DeepSpeed
DeepSpeed copied to clipboard
[BUG] Zero Stage 2 - Access Item of Empty Dict duing Initialization
Describe the bug
In zero/stage_1_and_2.py, initialize_gradient_partitioning_data_structures tries to access self.param_to_partition_ids at param_id=0 but it's an empty dictionary.
This shows up with stage 2, does not happen using stage 3. Besides, in zero/stage3.py, there is some legacy code which is similar to this particular part of code in stage_1_and_2.py, but never get called.
To Reproduce PyTorch v1.13.1 Transformers v4.21.0 DeepSpeed v0.8.3 (can reproduce with any version)
Run the following script on >= 2 nodes, 8 GPUs per node. (8 A100-40GB * 16 nodes in my case, but does not matter with the issue.)
import os
import deepspeed
import torch
import transformers
from transformers import (
AutoModelForCausalLM,
GPT2Config,
GPT2LMHeadModel,
)
deepspeed.init_distributed(dist_backend="nccl")
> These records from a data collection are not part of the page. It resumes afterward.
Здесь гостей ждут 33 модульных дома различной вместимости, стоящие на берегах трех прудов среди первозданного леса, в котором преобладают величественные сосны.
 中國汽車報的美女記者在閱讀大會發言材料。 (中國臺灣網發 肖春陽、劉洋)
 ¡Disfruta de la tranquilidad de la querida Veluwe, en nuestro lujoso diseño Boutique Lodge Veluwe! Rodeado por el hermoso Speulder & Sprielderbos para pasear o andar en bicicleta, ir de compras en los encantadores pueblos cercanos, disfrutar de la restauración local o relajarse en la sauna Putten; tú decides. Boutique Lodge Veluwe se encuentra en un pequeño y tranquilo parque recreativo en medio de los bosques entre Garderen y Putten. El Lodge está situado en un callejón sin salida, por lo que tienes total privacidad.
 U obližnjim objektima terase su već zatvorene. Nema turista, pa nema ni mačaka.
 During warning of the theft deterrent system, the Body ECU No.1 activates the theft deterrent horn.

model_config = GPT2Config(
vocab_size=50257,
n_positions=4096,
n_embd=6144,
n_layer=32,
n_head=48,
n_inner=None,
activation_function="gelu_new",
layer_norm_epsilon=1e-05,
summary_type="cls_index",
summary_use_proj=True,
summary_activation=None,
summary_proj_to_labels=True,
gradient_checkpointing=True,
use_cache=False,
bos_token_id=50256,
eos_token_id=50256,
return_dict=True,
)
with deepspeed.zero.Init(dtype=torch.bfloat16):
model = AutoModelForCausalLM.from_config(model_config)
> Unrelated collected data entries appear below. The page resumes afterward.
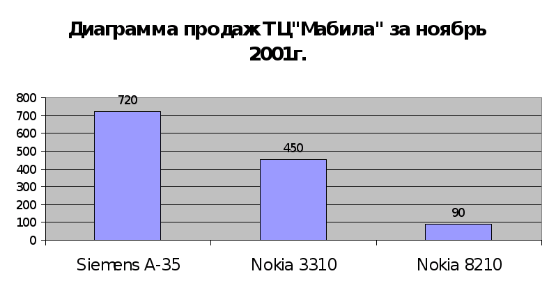 Итак, теперь видно, что наиболее продаваемыми за истекший период были телефоны Siemens A35, что в точности подтверждает предыдущее утверждение о высокой популярности данной фирмы на московском рынке сотовых телефонов. Учитывая молодежный дизайн и сравнительно невысокую цену аппарата можно с уверенностью утверждать о неслучайности результатов данных исследований и предвидеть подобную тенденцию еще как минимум 3-4 месяца до периода так называемой “устареваемости модели”. Говоря о телефонном аппарате Nokia 3310, заметим, что его цена значительно выше цены на телефон Siemens A35, однако высокая популярность данного телефонного аппарата и наличие множества дополнительных функций и развлекательных приложений, совместимых с другими телефонами данной марки удерживают постоянный спрос на этот аппарат. Самая низкая продаваемость, как видно из данных исследования за ноябрь 2001г. у телефонного аппарата Nokia 8210, что обусловлено достаточно высокой ценой на телефон, который не так давно вышел на российский рынок сотовых телефонов и ориентирован на потребителей готовых платить за престиж модели, современный дизайн и большое количество дополнительных функций и графических приложений, а так же за наличие у телефона возможности связи с Internet по средствам встроенного WAP- браузера несколько более высокую цену.
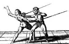“When two unskillful men (being valiant) shall fight with long single rapiers, there is less danger in that kind of fight, by reason of their distance in convenient length, weight, and unwieldiness, than is with short rapiers, whereby it comes to pass, that what hurt shall happen to be done, if any with the edge or point of their rapiers is done in a moment, and presently will grapple and wrestle together, wherein most commonly the strongest or best wrestler overcomes, and the like fight falls out between them, at the long rapier and poniard, but much more deadly, because instead of close and wresting, they fall most commonly to stabbing with their poniards.”
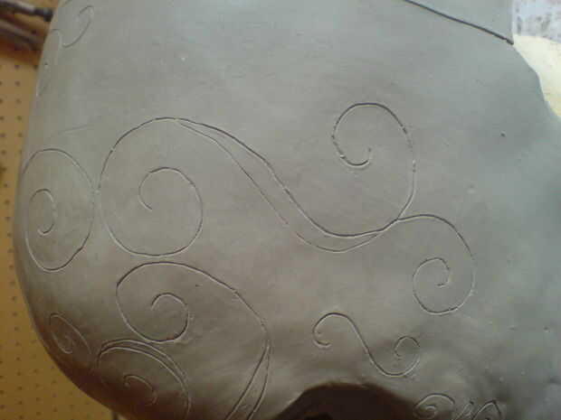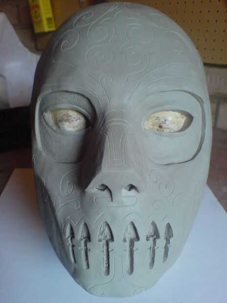 Comencé el proceso de esculpir la mascarilla de arcilla, usando una cabeza de yeso del molde como base.

model, optimizer, _, _ = deepspeed.initialize(
model=model,
optimizer=None,
model_parameters=model.parameters(),
config=os.environ("DS_CONFIG_PATH"),
)
ds_config.json:
{
"fp16": {
"enabled": false
},
"bf16": {
"enabled": true
},
"zero_optimization": {
"stage":2,
"overlap_comm": true,
"reduce_scatter": true,
"reduce_bucket_size": 12600000,
"allgather_partitions": true,
"allgather_bucket_size": 1260000000,
"contiguous_gradients": true,
"cpu_offload": false
},
"optimizer": {
"type": "AdamW",
"params": {
"lr": 0.001,
"weight_decay": 0.05,
"bias_correction": true,
"betas": [
0.9,
0.95
],
"eps": 1e-8
}
},
"train_micro_batch_size_per_gpu": 1,
"gradient_clipping": 1.0,
"gradient_accumulation_steps": 1
}
Expected behavior The deepest trace of the error is like the following block on each rank
File "/opt/conda/lib/python3.9/site-packages/deepspeed/runtime/zero/stage_1_and_2.py", line 687, in get_first_param_index
if partition_id in self.param_to_partition_ids[group_id][param_id]:
KeyError: 0
System info (please complete the following information):
- Ubuntu 20.04
- 2 nodes with x8 40GB A100s each
- PyTorch v1.13.1
- Transformers v4.21.0
- DeepSpeed v0.8.3 (can reproduce with any version)
Launcher context
${SLURM_HOSTFILE} srun -N 1 docker exec ${CONTAINER_NAME} mpirun -N 8 --hostfile ${MPI_HOSTFILE} ...
Docker context
Nothing special. But you may refer to pytorch-training:1.13.1-gpu-py39-cu117-ubuntu20.04-sagemaker here. Install Transformers and DeepSpeed from source.
Any update when this will be resolved?
I looked into several source files and realized that with deepspeed.zero.Init is only usable for ZeRO-3. For Zero-1 and 2, we may have to remove the with block or set it like with deepspeed.zero.Init(enabled=is_zero3). However, it is likely to see it being very slow during this model initialization part using ZeRO-2 + HF
We acknowledge your solution is correct, which is that zero.init is only needed for ZeRO stage 3. This can be disabled by setting enabled flag to false. This will make it a noop and should not slow down model initialization.
As for unused legacy code, please provide references.